There is cause for concern on the terraces too with the Cumbrians hemorrhaging fans almost as readily as they are shipping goals. Manager Gregg Abbot sees falling attendances as an inevitable product of wilting league performances, but in an increasingly corporate football landscape such a reductive outlook feels unsatisfactory, and recent trends suggest the 2013/14 season may be the trickiest yet for clubs reliant on a local following.

Abbot’s team have left a sorry mark on the table so far this season. With three games down United have registered a goal-difference of minus twelve having being stuffed in consecutive games by Leyton Orient, Bradford and Coventry, and are being kept mercifully from the foot of the table by the 10 point penalty imposed on the Sky Blues in the fallout from their own financial meltdown.

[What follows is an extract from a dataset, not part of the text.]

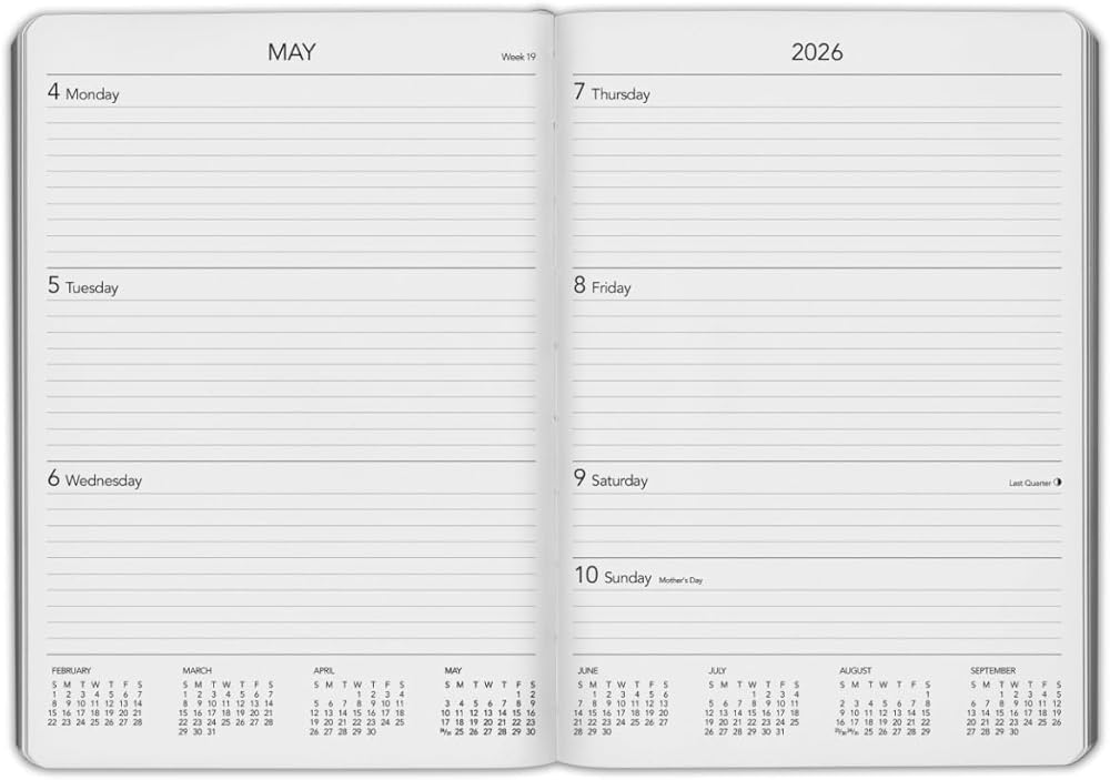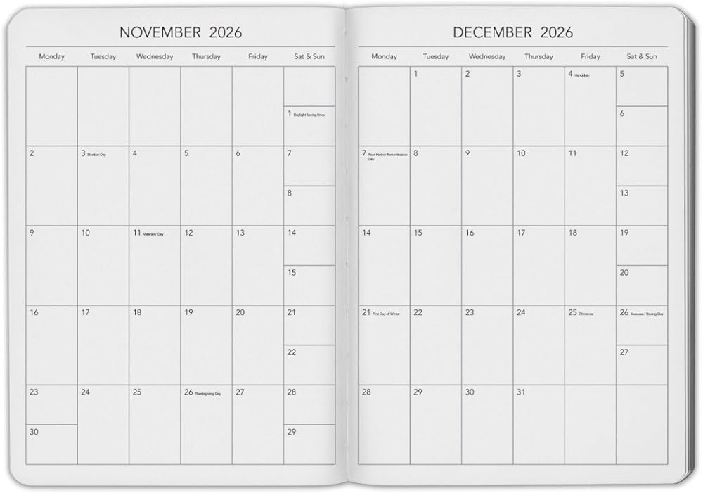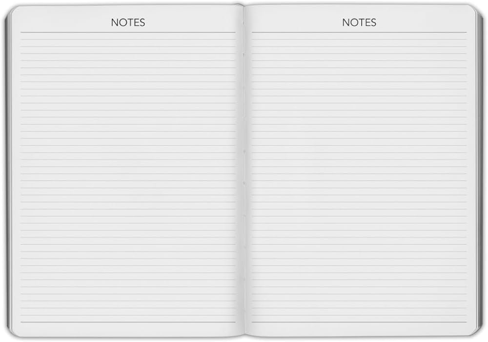 • Main Section – Two-page monthly spread in the front, followed by a two-page spread for each week starting Monday and ending on Sunday, with a lined section for each day for note-taking. Also includes additional Notes pages in the back.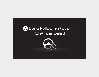 If the driver still does not have their hands on the steering wheel after the hands-off warning, the 'Lane Following Assist (LFA) canceled' warning message will appear and Lane Following Assist will be automatically canceled.

At five years, Abbot’s tenure at Brunton Park is one of the longest in the Football League but after three seasons of climbing the table last year’s lower mid-table slump represented a blow – one that the current crop have struggled to bounce back from.

Abbot reflected last weekend that the players “will have to work harder to win back the fans that have gone missing” after Coventry left Brunton Park with a 4-0 win, citing average attendance figures from last season that had slumped dramatically on 2011/12. Sound reasoning from a man whose been in the job long enough to know a thing or two about spotting trends, but the days when healthy league form necessarily drew supporters en masse through the turnstiles are behind us. A glance at the record books show that Carlisle’s most industrious period of league form has coincided with a dramatic fall in attendances since 2008, with those missing fans that have been troubling Abbot numbering close to 2,000. Four years ago, the Cumbrians survived in the third tier by the skin of their teeth – a struggle that an average of 6,300 supporters turned out weekly to witness. Last season after a brief dalliance with the play-offs, those numbers never got near to 4,500.

That there is a problem to be addressed is hard-wired, especially for a club that takes around 35% of its income at the turnstiles, but the numbers suggest Abbot is wide of the mark in thinking that he can woo fans back via results alone. Outside of the top two divisions, resources are thin on the ground and for the most precious commodity – the paying fans – competition is fierce. Carlisle Managing Director John Nixon has already expressed fears that the aggressive expansion of the top divisions is tipping the structure of domestic football towards a critical imbalance: “There’s an awful lot of cash going into the top level of the game. They have whip hand… The Premier League are trying to run English football and it could drive us towards regional or part-time football.” £60million of a £4billion media agreement is likely to filter down to the third and fourth tiers in solidarity payments over a three year period, whilst the £23million a year doled out to each relegated club threatens to create a feeder-pool of clubs inaccessible to those lower down the pyramid.

As media channels and stadia at the top expand to accommodate a greater share of the football audience, a holistic approach to building between the Abbots and Nixons of the League has never been more central to the game’s survival. A 15 game unbeaten run for the Cumbrians (an unlikely scenario given that the club haven’t managed three consecutive wins throughout the former Bradford midfielder’s 5 year tenure) is unlikely in itself to re-direct the interests of fans from the soap-operas at Newcastle and Sunderland, especially as BT and Sky trip over themselves force their product under the noses of fans during every waking, working and leisure moment. But a more creative approach to the market might. Plymouth Argyle are in the early stages of a project to turn Home Park into a family-friendly leisure outlet of which the football club will be just one facet, whilst gimmicky publicity stunts at Macclesfield and Farnborough have made up for with initiative what they lack in class or sustainability.

Not that selling off playing time to well-to-do fans is the answer to Abbot’s frustrations, but the hope that the Cumbrians might yet play their way back into the consciousness of distracted fans is anachronistic and can only hold the club back. The drop in attendances since 2008 represents a loss of around £700,000 a year, and as Nixon is keenly aware “fans can stay at home, having paid for the TV, so they watch football there. They don’t want to come to a draughty stadium to cheer on a team at the bottom of League One.” The medium term problem faced by the club is that fans seem to feel similarly about a club performing well in the third tier, and BT have based a three year business model around just that assumption. A bloated media industry is putting the squeeze on the lower leagues in ways they were never designed to be able to handle. Adaptability is key as another season ticks over and United will have to learn quickly that it’s not all about what happens during ninety minutes.